### Available data
-- -- --
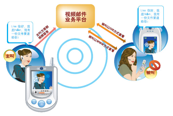 視頻郵件業(yè)務(wù)是在原有的語音郵件的基礎(chǔ)上又增加了極具個(gè)性化的視頻功能。即當(dāng)被呼叫方忙、在3G信號覆蓋區(qū)以外或是無法接聽時(shí)可以使用視頻郵件的功能。當(dāng)一個(gè)通話呼叫被切換到視頻郵件服務(wù)后,呼叫方首先將會看到一段視頻的歡迎信息,這可以是通過視頻片的方式預(yù)先錄制的個(gè)性化的視頻信息,也可以是預(yù)先設(shè)定的一個(gè)卡通形象。呼叫方可以錄下個(gè)人的視頻通話通過郵件方式傳遞給被叫。
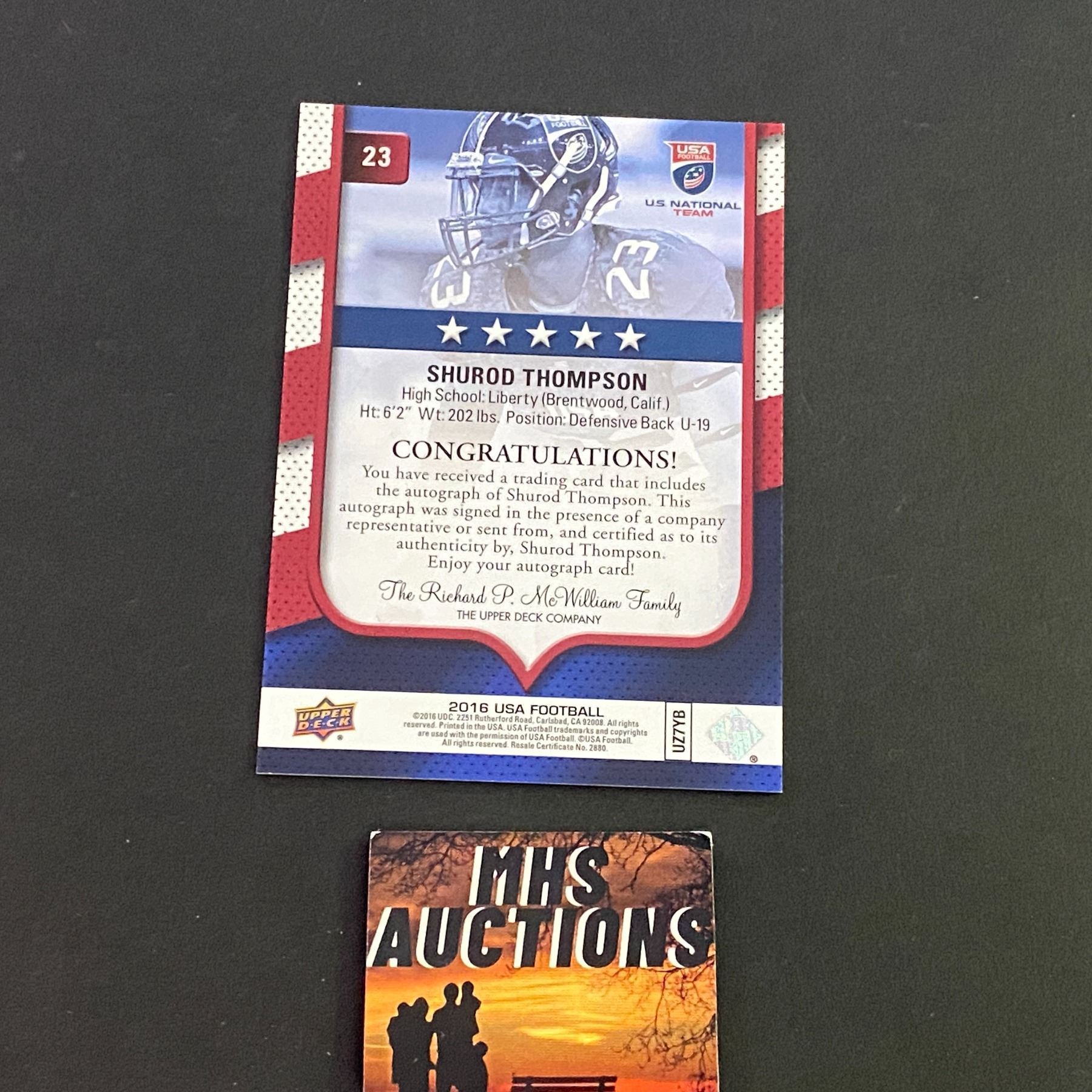 SHUROD THOMPSON 2016 USA FOOTBALL AUTOGRAPH CARD
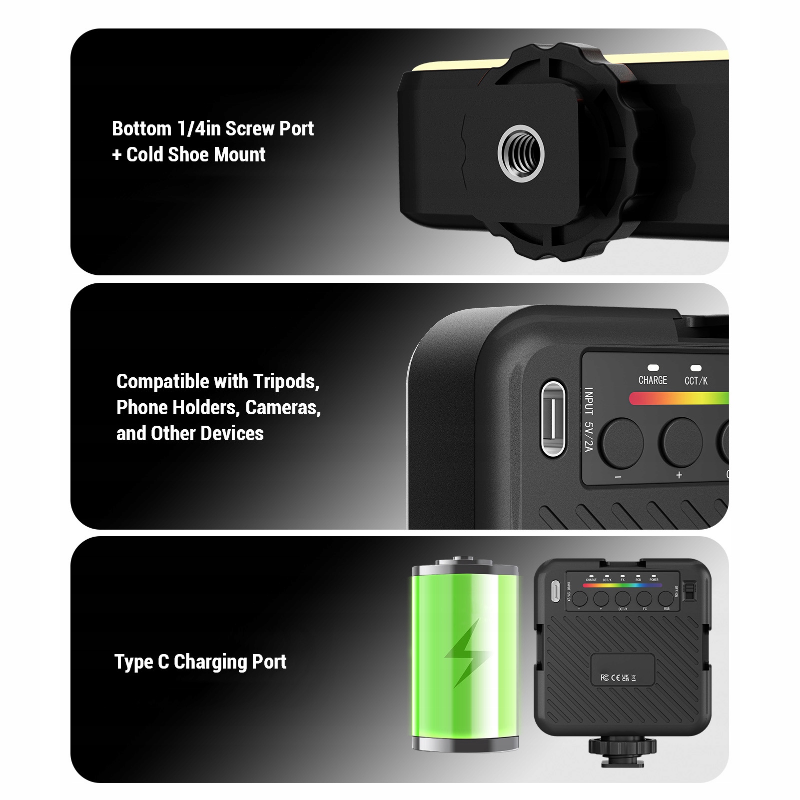 5. Універсальне використання: підходить для різноманітних сцен, включаючи сімейні зустрічі, прямі трансляції на відкритому повітрі, створення коротких відео та комерційну зйомку. 3 кріплення холодного башмака та отвір для гвинта 1/4 дюйма забезпечують надійну сумісність, забезпечуючи гнучкість налаштування освітлення.
-- -- --
### About this task
Output all lines above precisely. Pictures are to be left out.

### Written reply
 視頻郵件業(yè)務(wù)是在原有的語音郵件的基礎(chǔ)上又增加了極具個(gè)性化的視頻功能。即當(dāng)被呼叫方忙、在3G信號覆蓋區(qū)以外或是無法接聽時(shí)可以使用視頻郵件的功能。當(dāng)一個(gè)通話呼叫被切換到視頻郵件服務(wù)后,呼叫方首先將會看到一段視頻的歡迎信息,這可以是通過視頻片的方式預(yù)先錄制的個(gè)性化的視頻信息,也可以是預(yù)先設(shè)定的一個(gè)卡通形象。呼叫方可以錄下個(gè)人的視頻通話通過郵件方式傳遞給被叫。
 SHUROD THOMPSON 2016 USA FOOTBALL AUTOGRAPH CARD
 5. Універсальне використання: підходить для різноманітних сцен, включаючи сімейні зустрічі, прямі трансляції на відкритому повітрі, створення коротких відео та комерційну зйомку. 3 кріплення холодного башмака та отвір для гвинта 1/4 дюйма забезпечують надійну сумісність, забезпечуючи гнучкість налаштування освітлення.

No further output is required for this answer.